Não se é possível tratarmos do tema perseverança dentro da Igreja sem antes falarmos sobre
os porquês de estarmos inseridos nesta comunidade do povo de Deus, que fez, faz e fará tanta
diferença em nossas vidas.

O primeiro ponto que eu gostaria de explorar é o amor recebido de maneira gratuita da parte
de Deus e que nos preenche por inteiro. Um amor dado e que deve ser correspondido. Um amor que
não é apenas amor de Pai, mas também amor matrimonial, ou seja, não é apenas um amor
necessário e indispensável, mas amor livre, livremente dado, livremente escolhido e que exige uma
resposta. Os pais amam a qualquer custo, filhos presidiários e que os pais não desistem, persistem
nas visitas. Filhos usuários de drogas e que os pais não desistem, persistem na tentativa de
tratamento. Filhos agressivos e que os pais não desistem, persistem em acolher. Enfim, filhos que,
muitas vezes, não merecem, mas o amor de Pai permanece necessário e indispensável. Jesus renova
o ato de amor de Deus e se apresenta como noivo a nós, as esposas, onde marido e mulher exigem
tratamento bilateral, onde a persistência, a acolhida e o serviço falem mais alto.
Jesus lhes respondeu: Podem os convidados ao casamento fazer
luto enquanto o noivo está com eles? Chegará um dia em que o
noivo lhes será tirado, e então jejuarão. (Mateus 9, 15)
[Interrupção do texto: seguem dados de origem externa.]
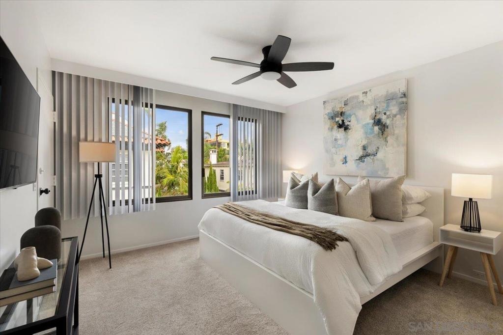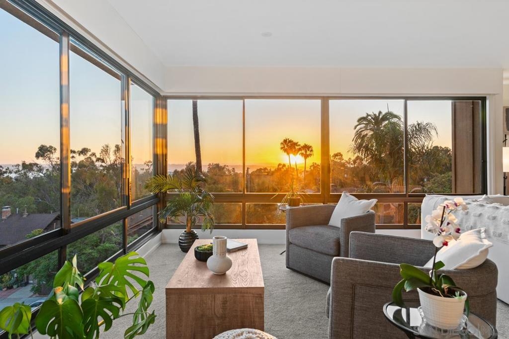 Updated Pricing! Rare opportunity at exceptional value. Sophisticated single-level residence with panoramic views! Experience elevated living in this oversized 2,294 sq. ft. single-level residence, where elegance and expansive views converge. From sunrise to sunset, enjoy sweeping 180-degree vistas—city lights, ocean horizons, the peninsula, and lush tree-lines—spanning south and west. Set within an exclusive 8-residence boutique building, the home offers rare privacy, a quiet elevator, and secured parking. Nestled in the heart of Bankers Hill, you’re just steps from Balboa Park, Downtown, and the iconic 7 Bridges walk. Inside, a professional remodel blends modern design with thoughtful detail—smooth textured walls, integrated sound, automated shades, updated lighting, and premium flooring. Abundant closets and built-in storage maximize convenience throughout. The open-concept living and dining spaces flow seamlessly with a wraparound backdrop of views. The remodeled kitchen balances function and style, while the flexible third bedroom/office also captures western exposure. Retreat to a spacious primary suite with a spa-inspired bath featuring a soaking tub, walk-in shower, and expansive closet. A light-filled secondary suite offers its own marble bath and large walk-in. The full-size laundry room, reimagined with custom cabinetry and oversized sink, adds everyday ease. A rare blend of exclusivity, craftsmanship, and location—this home defines refined San Diego living.

Se cremos na Bíblia, como livro referencial, e que tudo que nela contém é verdade inspirada
e inspiradora, devemos olhar para o Jovem Rico:
Então aproximou-se alguém e lhe disse: Mestre, que obras boas
devo fazer para alcançar a vida perdurável? Respondeu-lhe:
Guarda os mandamentos. Perguntou-lhe: Quais? Jesus lhe disse:
Não matarás, não cometerás adultério, não roubarás, não
perjurarás, honra o pai e a mãe, e amarás o próximo como a ti
mesmo. O jovem lhe disse: Cumpri tudo isso. O que me resta fazer?
Jesus lhe respondeu: Se queres ser perfeito, vai, vende teus bens, dá
aos pobres, e terás um tesouro no céu; depois segue-me. Ao ouvir
isso, o jovem partiu triste, pois era muito rico. (Mateus 19, 16-22)
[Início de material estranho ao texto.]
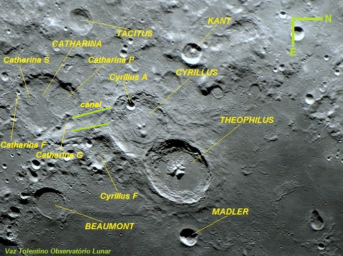A cratera do meio, Cyrillus, não é muito mais jovem. Note o aparente e enorme “canal” que conecta Cyrillus a Catharina. Na realidade, a conexão é o resultado da ação de muitos impactos, além de desmoronamentos.
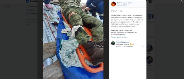 В Коврове мужчина случайно разрезал себе ногу болгаркой во время ремонта крыши. Об этом инциденте рассказал блогер и сотрудник «ГО и ЧС» Михаил Быков во «ВКонтакте» в группе «#заметки_спасателя». Сообщение с просьбой о помощи поступило в местный поисково-спасательный отряд 30 сентября в 15.
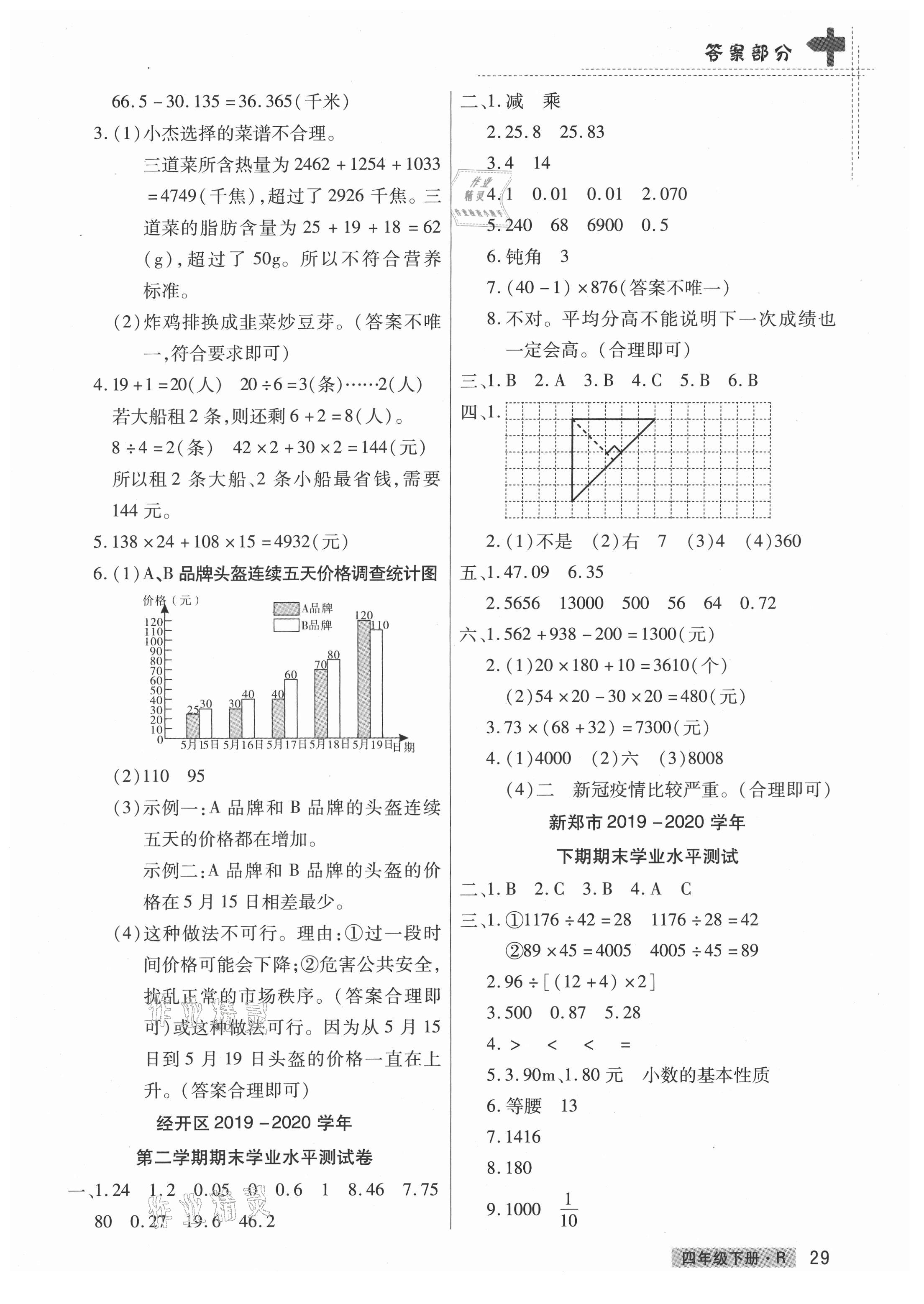 注:目前有些书本章节名称可能整理的还不是很完善,但都是按照顺序排列的,请同学们按照顺序仔细查找。练习册 2021年期末考试必刷卷四年级数学下册人教版郑州专版 答案主要是用来给同学们做完题方便对答案用的,请勿直接抄袭。

Como podemos crer com todo nosso coração na Bíblia se desconsideramos a tristeza com a
qual o Jovem Rico afasta-se de Deus?

Em contraponto ao Jovem Rico, a alegria contida em Jesus Cristo está, também, narrada no
Evangelho. Se não queremos essa alegria, ou se a dispensamos, como podemos garantir que
estamos crendo, de fato, na Palavra de Deus. Como podemos garantir que nossa vida não tem sido
vã e vazia de si?
Voltaram os setenta e dois muito contentes e disseram: Senhor, em
teu nome até os demônios se submetiam a nós. (Lucas 10, 16)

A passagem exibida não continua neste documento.